Blow-dry it straight.
“Using a perm solution and just combing the hair straight” is called relaxing, and I had a stylist who claimed it would work on all hair types/ethnicities. Not sure whether I believe that.
Home keratin treatments exist, but I have not personally used them. R3ddit has a lot of posts regarding them.
I think for home I’d stick with good conditioning/masques, a heat protectant spray, and a straightening iron to smooth it.
I have used the Paul Mitchel Awapuhi line. I don’t know if it’s what you’re used to, but it might help hold you over, and my mom loves it for grays.
K18 treatment and color wow dream coat
Looking for advice, coping mechanisms, whatever. My parents are late seventies and in fragile health. They have always been incapable of handling their lives, even before the most “functional” parent descended into dementia. Even as I was a teenager, parents needed to “borrow” money to “make the mortgage” or “pay the property taxes,” etc. None of that money was ever paid back. Parents worked in the non-profit sector, so I made excuses for them and was even proud at times of being able to help out.

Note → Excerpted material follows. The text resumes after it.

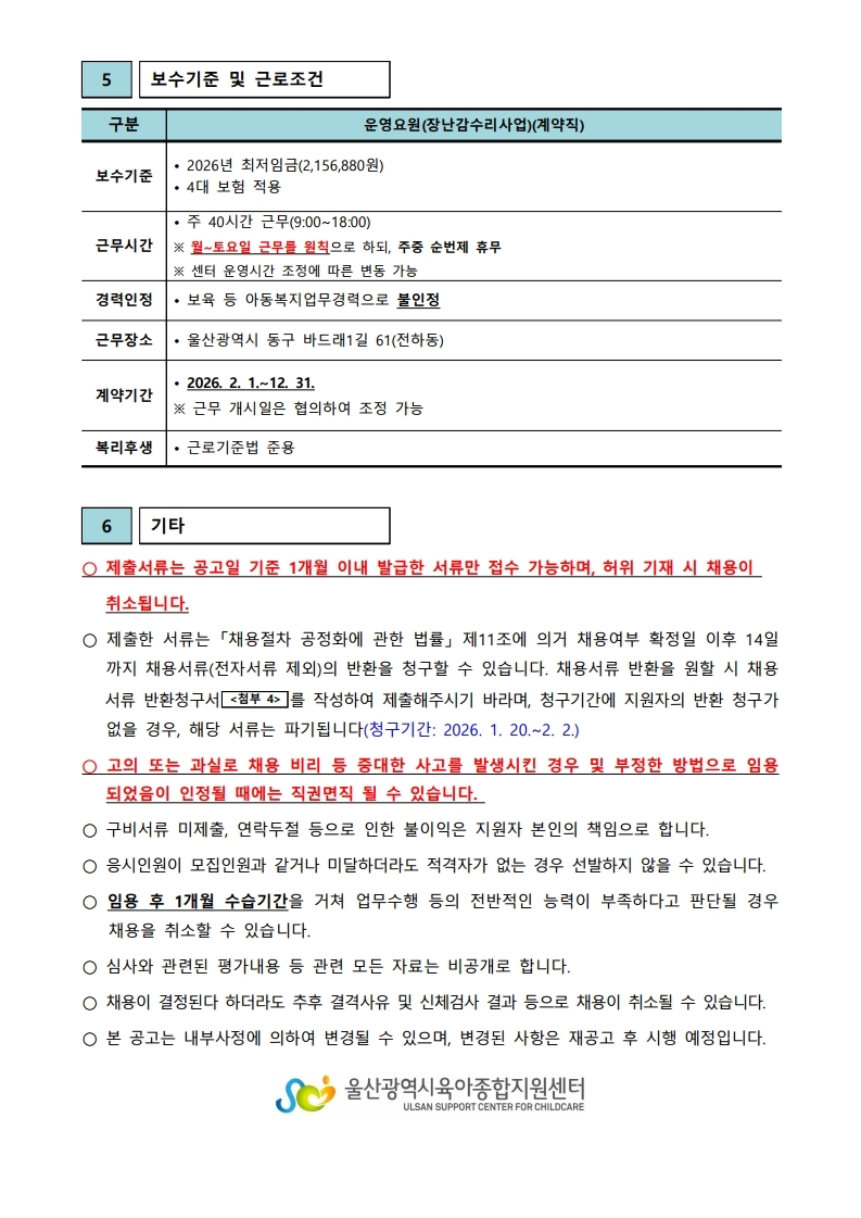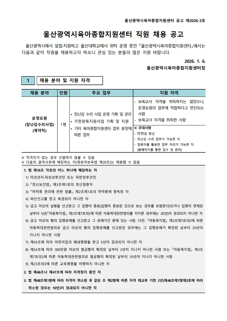 [ä¿ë°ø°í] ¿ï»ê±¤¿ªÀ°¾ÆÁ¾ÇÕÁö¿ø¼¾ÅÍ Á÷¿ø(¿î¿µ¿ä¿ø) °ø°í

Fast forward to present. My parents live in a beautiful house that I bought for them (I now see, was manipulated into buying for them). I also pay utilities, and their cell phone(s) have been on my account for years. They were supposed to pay “rent” but have not, though they have generous pensions and have no problem spending money on STUFF. Parents are borderline hoarders and I feel that my life is ruled by their stuff, e.g. it would be impossible to downsize their home to something more manageable especially since they have a fit if *I* get rid of something of *mine* that *they* might have “had a use for.* Parents haven’t filed taxes for several years and the non-demented parent is too “busy” to do anything about this (I ask as politely as I can, offer to help, and get passive or outright aggression back). I do not know where their money goes, and the functional parent refuses to give me any insight.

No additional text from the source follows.